Nothing outside the lines below from the one containing "We arrived yesterday" through the one containing "Pidilite WD-40, Multipurpose" is to be printed; print those exactly, ends included, and drop the pictures.

*** Opening DATASET RECORDS ***

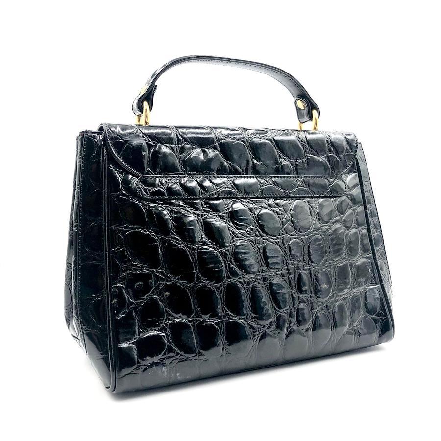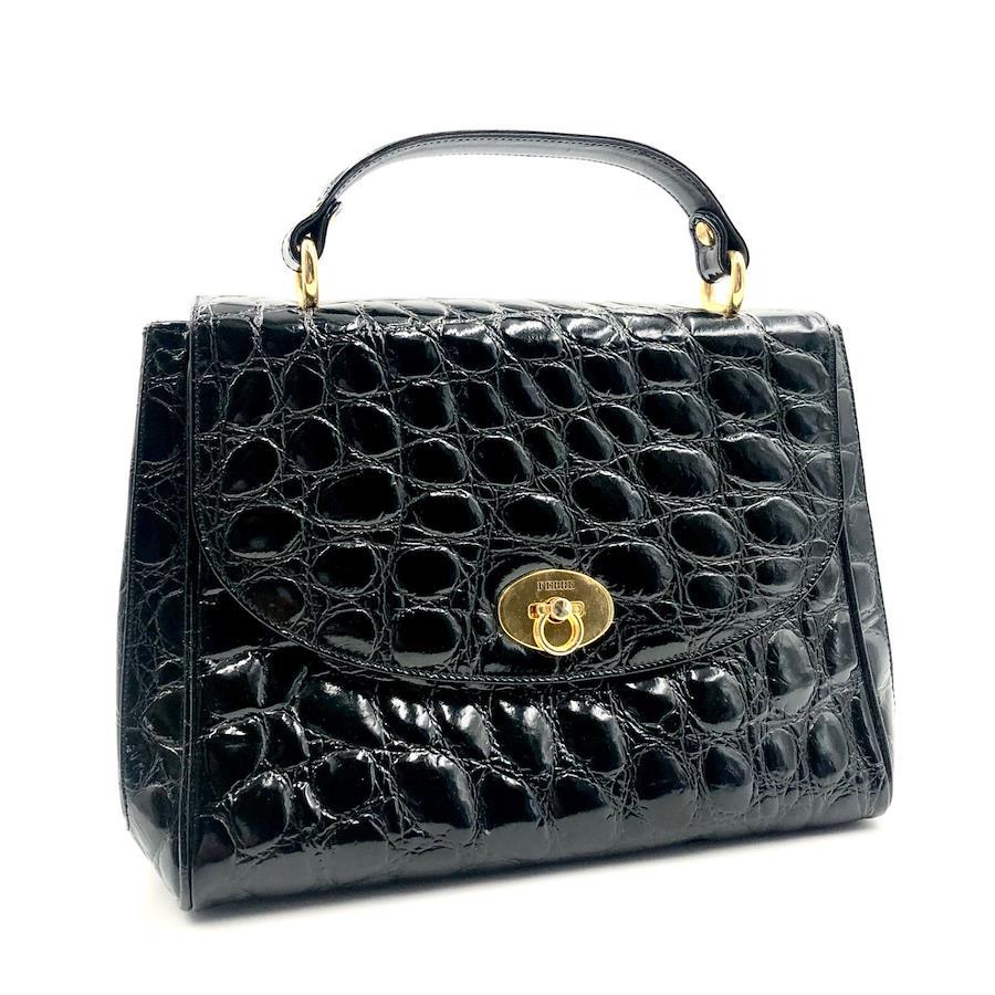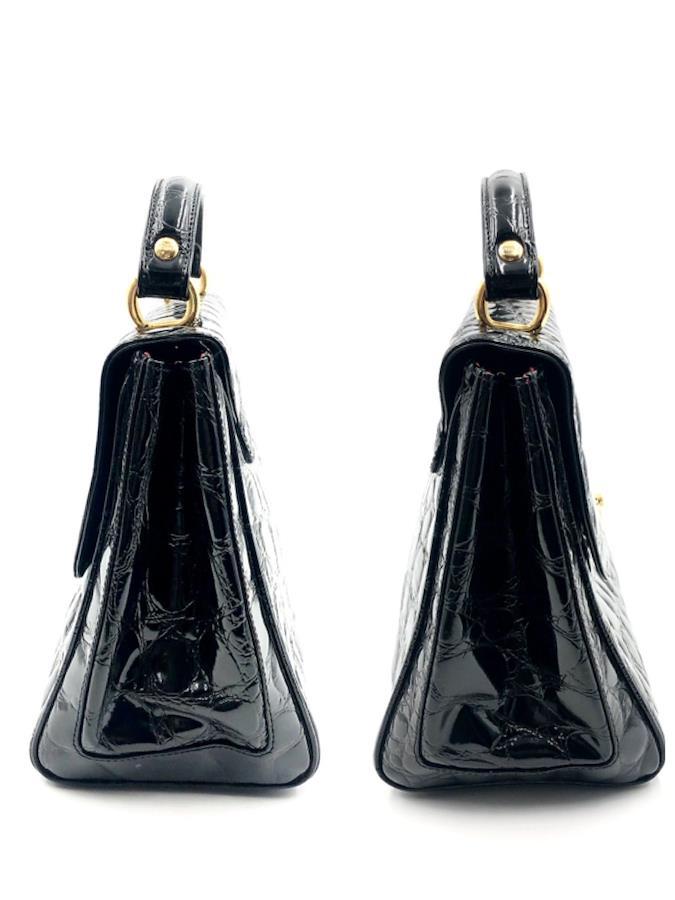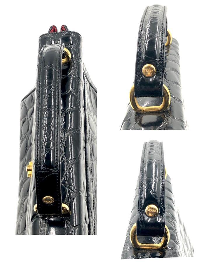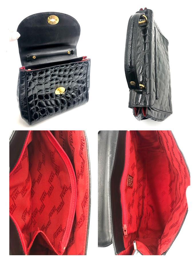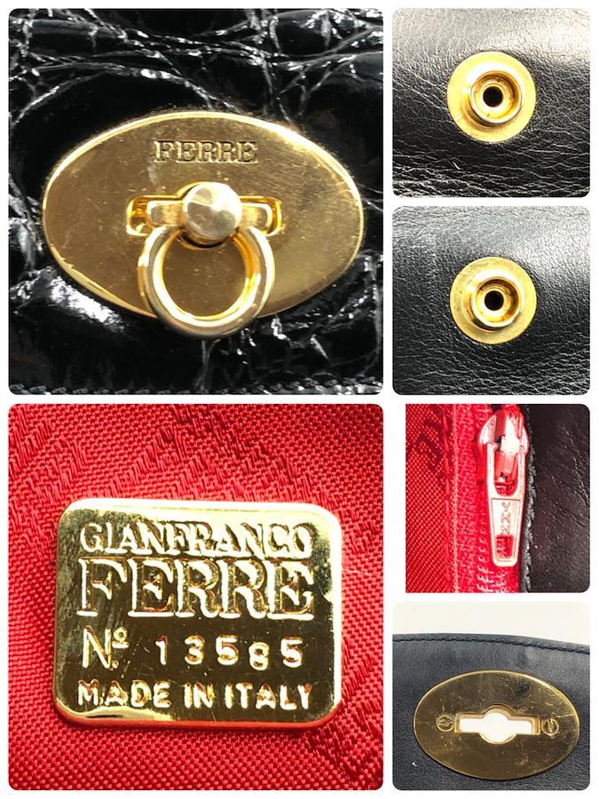 ■商品概要GIANFRANCO FERRE ジャンフランコフェレクロコ型押しハンドバック フォーマルバッグロゴ金具 ターンロックレザー 本革光沢感ブラックゴールド金具自立イタリア製刻印No.13585裏地レッド×ロゴ総柄レディース冠婚葬祭ラグジュアリー 高級 ハイブランドパーティー、結婚式、お祝い、式典、入学式、卒業式、イベント
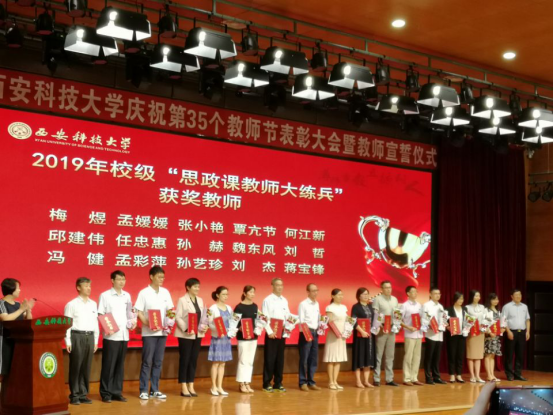 9月9日下午,beat365平台官方网站在临潼校区骊山校园煤炭科技中心隆重举行庆祝第36个教师节表彰大会暨教师宣誓仪式,beat365官网教师受表彰。其中,梅煜老师荣获课堂创新大赛一等奖。孙赫、张铭钟、覃亢节等9位教师荣获校级思政课教师“大练兵”一、二、三等奖。
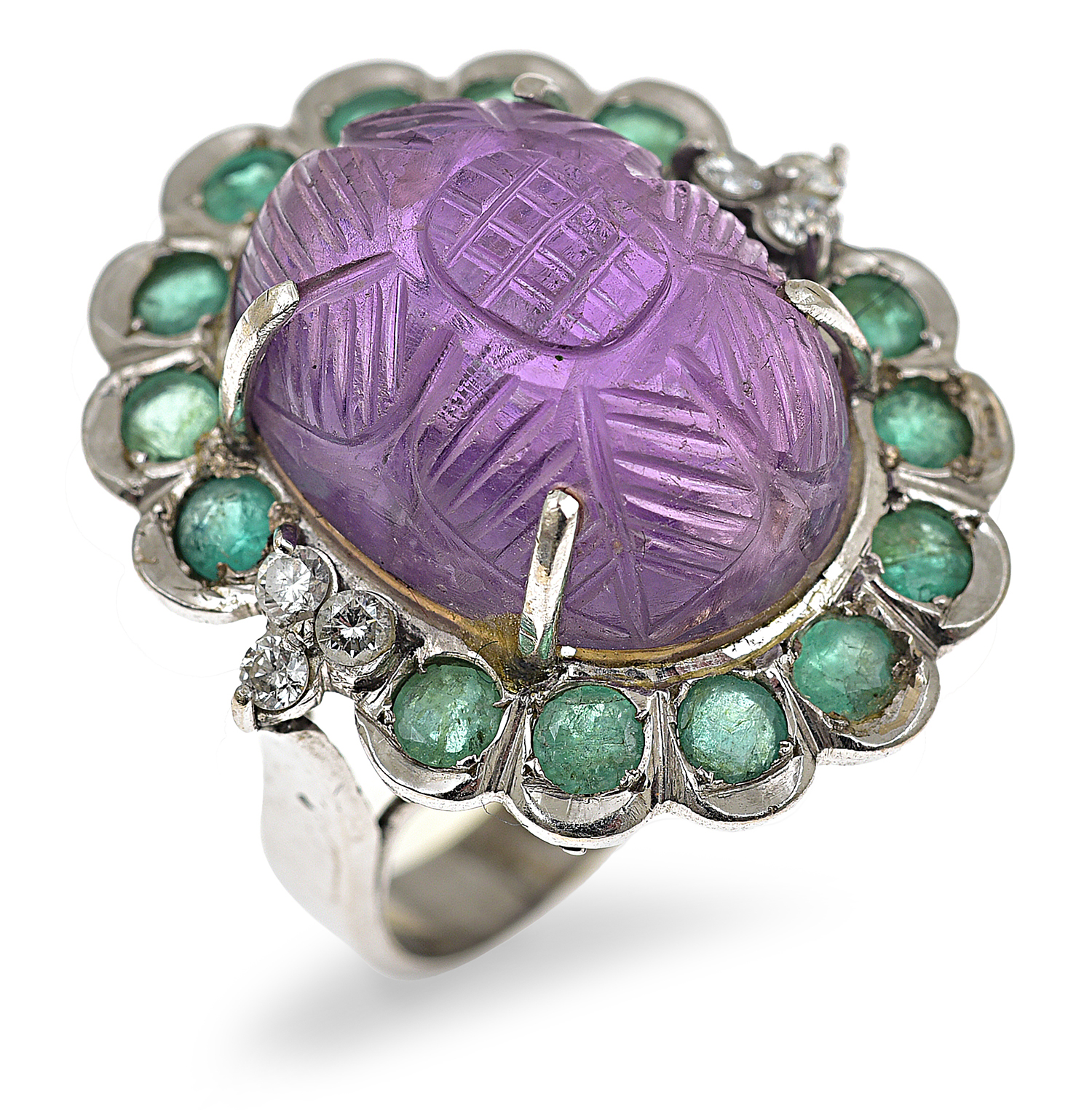 The carved oval amethyst cut en cabochon, having a trefoil of diamonds to each shoulder and surrounded by round cut emeralds, mounted in white gold, ring size N-O
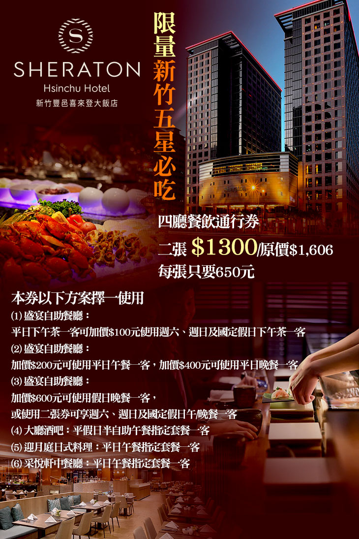 限量新竹五星必吃!四廳餐飲通行券(平日/假日使用;特別推薦:盛宴自助吃到飽)(部分假日除外,詳細依券面/飯店為主)(二張一組即出貨)
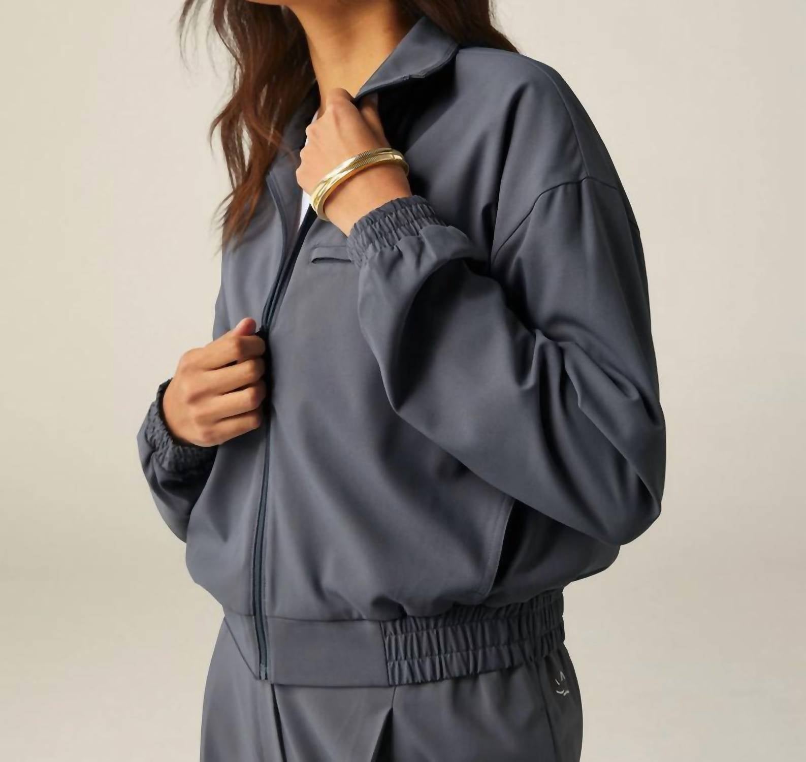A casual yet cool jacket that every closset needs. Step up your travel style with the Status Pocket Sleeve Cropped Jacket by Beyond Yoga, designed for the modern woman in Night Shadow. This minimalist, solid-colored jacket features long sleeves and a chic, cropped length perfect for fall adventures. Crafted from 100% JetStretch Polyester, it boasts a relaxed fit with numerous pockets, including a patch pocket on the right sleeve, a drop-in zip welt pocket at the chest, and convenient side seam pockets. Fully lined with mesh and secured with a zip closure, this versatile piece offers a polished drape, easily maintained with hand wash care.
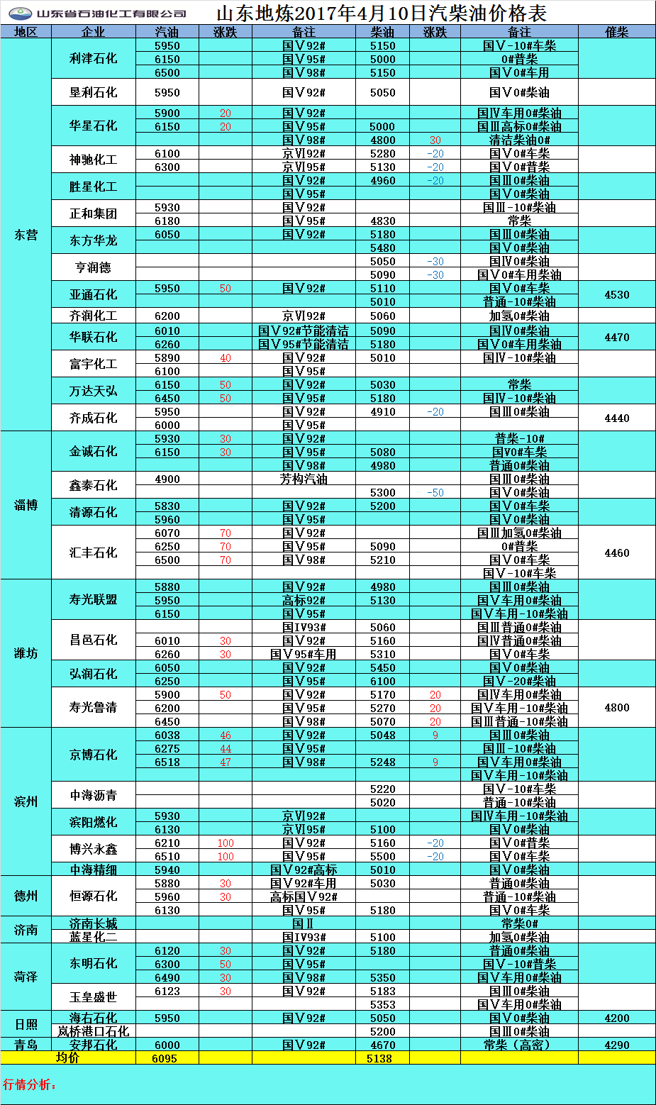 2017年4月10日山東地煉汽柴油價格
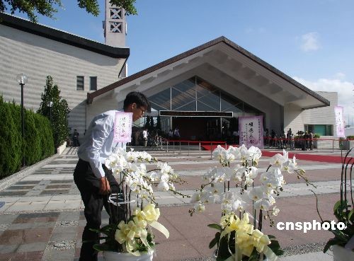 台塑企业创办人王永庆的遗体十七日由长荣班机运抵台湾,灵堂设在桃园县的长庚大学活动中心。图为灵堂外景。中新社发 耿军 摄
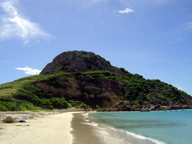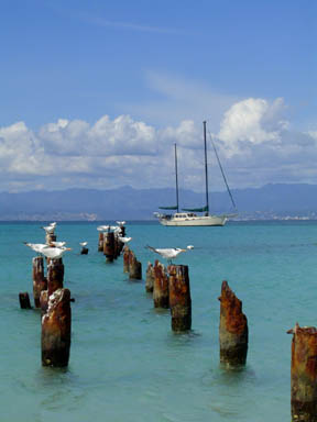 We arrived yesterday & instantly headed for the island. Actually, Keith couldn't wait to dive into the crystal blue water. He swam almost all the way to shore from our anchorage about 200 yards off the southeast cliff. About halfway to the beach, he remembered my broken ribs and that I can't swim one-armed and can't get the engine from the mount down to the dinghy, so I'd be trapped on the boat while he explored the island. It took him another 50 yards to turn back, but he did. It was somewhat touching, as I could see the whole mental -- and physical -- struggle quite clearly from the boat.
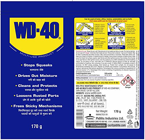 Pidilite WD-40, Multipurpose Spray, Lubricant, Rust Remover, Squeak Noise Remover, Stain Remover, and Cleaning Agent, 170g
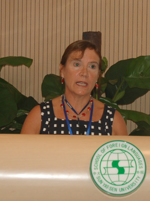 After the parallel presentations in the morning, Professor Wendy L. Bowcher delivered a plenary speech entitled “Context of Situation: Problems, Paths, and Utility”. She introduced the background of context of situation and observed the various issues that arise and which point to the advantages but also the difficulties of putting together a representative set of system networks for context of situation. According to Professor Bowcher, the issues include the concept of ‘semiotic’, the interdependency of the contextual parameters, default dependency relations, representative primary system entry points, sub-system features and environments for more delicate options, the relationship between the material and the semiotic in a situation of language use, multimodality, and the role of ‘iteration’. Professor Bowcher also discussed and illustrated some of these issues and proposed some possible ways of dealing with them through examining a variety of texts/contexts and working through some of the subsystems in the currently available contextualization system networks.
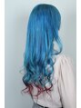 ハイトーンの水色と毛先にワインレッドを入れた裾カラー!ティンセルも入れてキラキラかわいい!
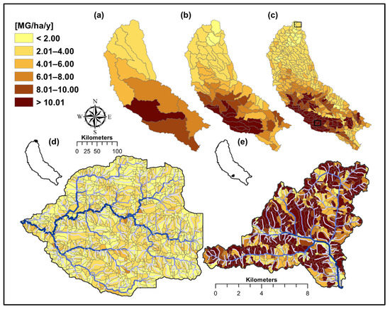 Example of aggregation of annual average total suspended sediment yield per unit of area converted to sub-basin—HUC08 (a), watershed—HUC10 (b), and sub-watershed—HUC12 (c) from field scale—AnnAGNPS cells (d,e).
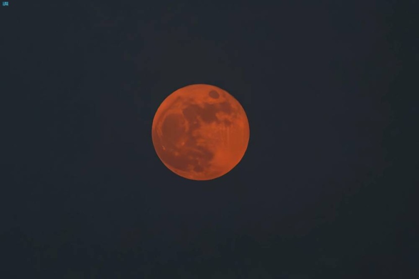 القمر العملاق الذي يلقب ب «قمر الحصاد » يظهر للمرة الأخيرة خلال 2023 فوق شواطئ البحر الأحمر في مدينة جدة السعودية. «واس »
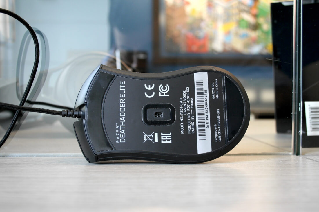 The bottom of the Elite features two oversized teflon feet above and below the all-new "5G Optical Sensor" which boasts a DPI range that stretches from 100 DPI all the way up to 16,000 in 100 DPI increments, as well as 99.4 percent resolution accuracy and tracking speeds of 450 inches per second.
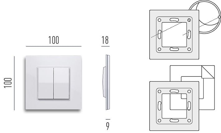 - for skruemontering på en innfelt boks eller for limmontering med teip (inkludert i leveransen) på en hvilken som helst egnet overflate
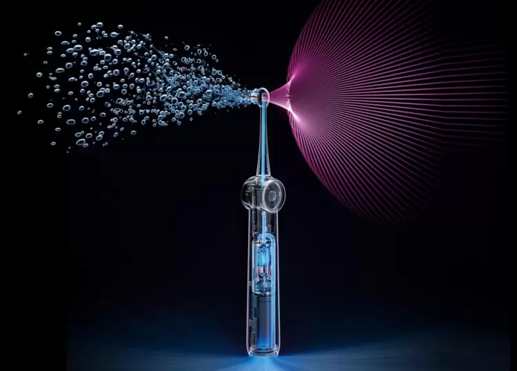锐舞在产品设计中体现了科技创新与人文关怀的深度融合。刷头设计运用康达效应,让高速气流紧贴特殊设计的喷口,把水和气泡精准地“推”进牙缝深处。
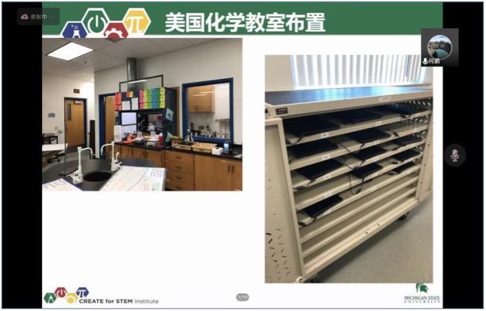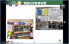 在本次交流活动中,何鹏博士结合自己在美国求学、工作及研究的亲身经历,用镜头记录了美国真实的高中课堂、科学教育及基础教育研究现状。何老师通过图片展示,带领大家走进一所公立高中,美国义务教育为十二年,这所美国高中为走班制。介绍了美国的教育真实情况,如化学实验室的布局、日常高中生的学习生活环境,在课堂中以小组合作学习为主,以及独具特色的教学方式和策略。开拓了师生的国际视野,了解了美国课堂和中国课堂的相同与不同之处。
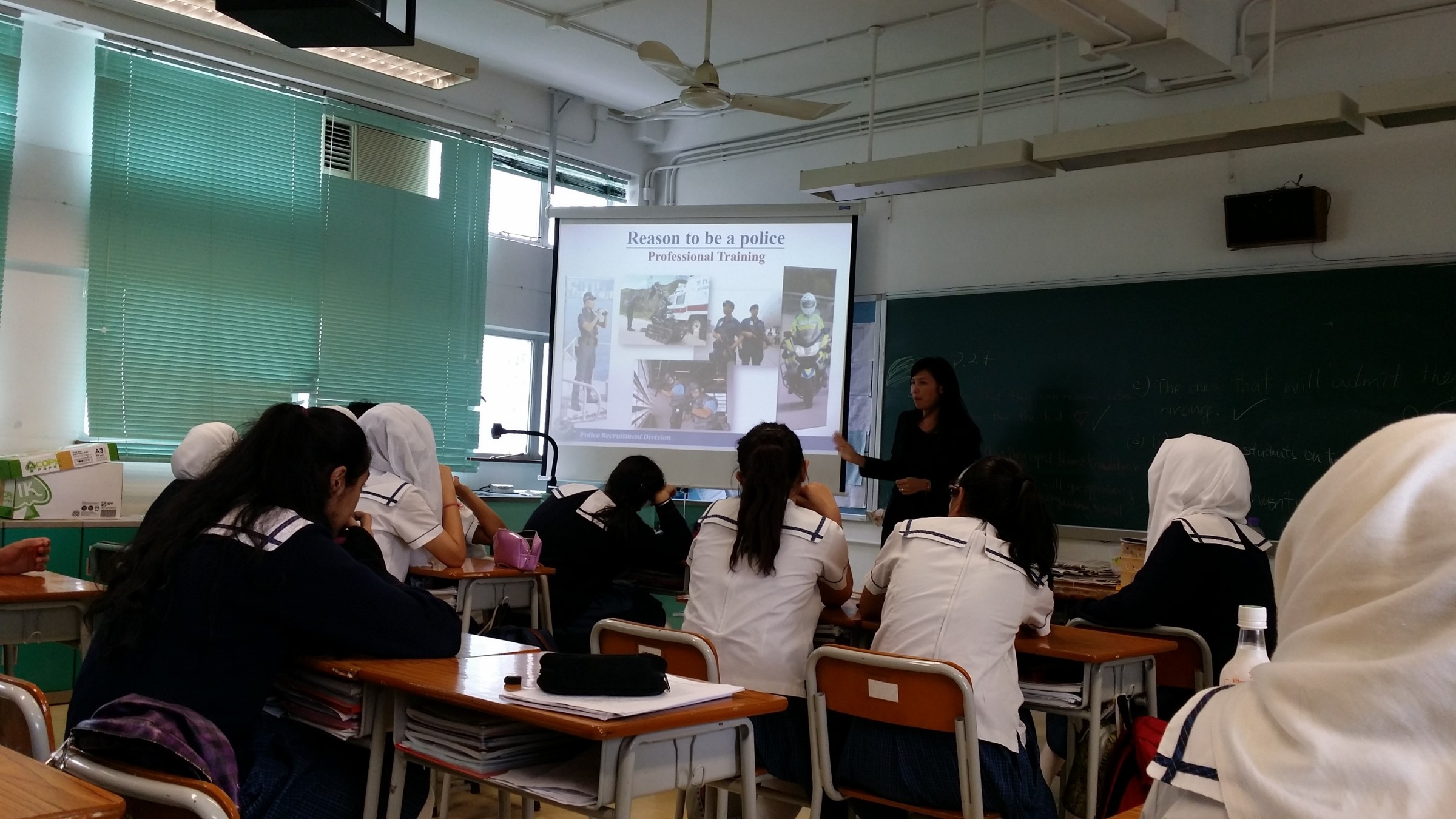本校為支援少數族裔非華語同學,讓他們擴濶視野,多接觸社會生活實況,故此訓導組舉辦講座,在5月17日邀請了警務署人員及其非華語同事,向中五級非華語同學介紹有關政府職位工作情況及報考資格,而特別講解警隊工作,當中更透露每年也有成功招聘非華語男士及女士,最後由老志堅訓導主任致送紀念旗作道謝。這次活動令非華語同學明白紀律部隊是一項具挑戰性及前景光明的工作,是值得考慮投身的一項終身事業。
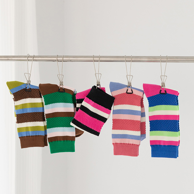 秋冬の新しい靴下の女性の潮流の欧韓insは反織の工芸の虹の靴下のストライプが色の小さい大衆のストッキングにぶつかります。
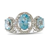 Large Over 2ct Blue Topaz and Diamond Ring in Sterling Silver
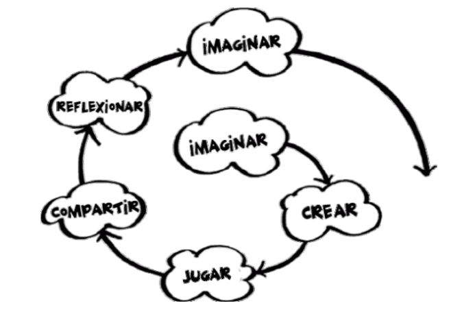 Xoga coas súas creacións, comparte as súas ideas e creacións con outros e reflexiona sobre as súas experiencias -o cal nos conduce a imaxinar novas ideas e novos proxectos. A medida que os estudantes atravesan este proceso, unha e outra vez, aprenden a desenvolver as súas propias ideas, probalas, desafiar os límites, experimentar con alternativas, obter retroalimentación de outros, e xerar novas ideas baseadas nas súas experiencias. Cando estas ideas non funcionan terán que volver cara atrás e corrixir; creando este especial continuo, partindo dunha idea créase un proxecto, que dá lugar a novas ideas, que xeran novos proxectos, e así, indefinidamente.

*** Closing DATASET RECORDS ***

▶ SOLUTION FOR THIS PROBLEM
 We arrived yesterday & instantly headed for the island. Actually, Keith couldn't wait to dive into the crystal blue water. He swam almost all the way to shore from our anchorage about 200 yards off the southeast cliff. About halfway to the beach, he remembered my broken ribs and that I can't swim one-armed and can't get the engine from the mount down to the dinghy, so I'd be trapped on the boat while he explored the island. It took him another 50 yards to turn back, but he did. It was somewhat touching, as I could see the whole mental -- and physical -- struggle quite clearly from the boat.
 Pidilite WD-40, Multipurpose Spray, Lubricant, Rust Remover, Squeak Noise Remover, Stain Remover, and Cleaning Agent, 170g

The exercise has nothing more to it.